A arte se comunica, basicamente sob duas maneiras
paradigmáticas e distinta: figuração e não-figuração. A
primeira carrega a imagem do mundo, em que o produto é
o reconhecimento. A segunda dispensa a imagem do
mundo e, quando totalmente não-figurativa, é chamada
também arte abstrata.
Elas tem valores diferentes, são submetidas a leituras
diferentes e alteram vínculos emocionais antagônicos.

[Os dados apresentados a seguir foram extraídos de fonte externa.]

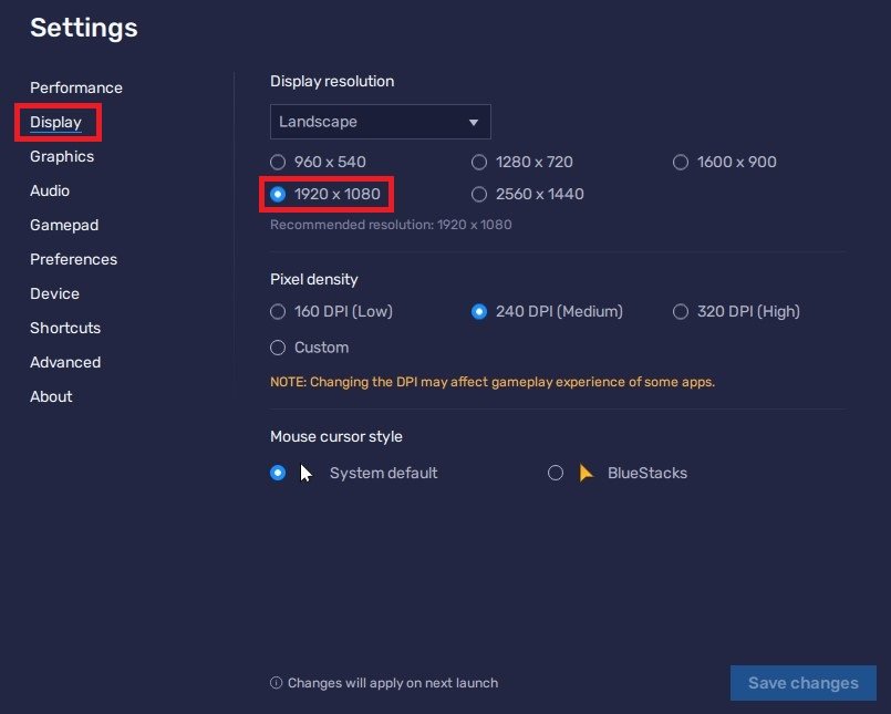 In your Display settings, set the Display Resolution to Landscape. I like to use a resolution of 1920 x 1080, but you can set this to anything you like. You can leave the other settings to their default option and play Clash of Clans to see how well it runs on your PC.

A Arte Figurativa comunica a recuperação da realidade
exterior (também chamada realidade fenomênica, matérica
ou física), que está no espaço, em tridimensionalidade,
para o plano (bidimensionalidade) com a técnica da
perspectiva ou escorço. Os artistas da Renascença
(clássicos do século XVI) tiveram domínio pleno e absoluto
dessa técnica que proporciona à tela uma ilusão de
realidade, também chamada de tromp l’oeil.
A Figuração absoluta de uma arte é chamada de mimética (mímesis
do grego, imitação). É a representação do “de fora” (vida, realidade)
“para dentro” (a obra, tela, suporte).
O receptor da arte figurativa “entende” o que vê na tela porque a
obra inspira sempre uma leitura clara e objetiva do mundo
“conhecido”.
Essa forma de comunicar contempla as evidências, enquanto a arte
não-figurativa ou abstrata comunica a matéria simbiotizada nela
mesma, sobre o suporte, sem evidências do mundo reconhecível.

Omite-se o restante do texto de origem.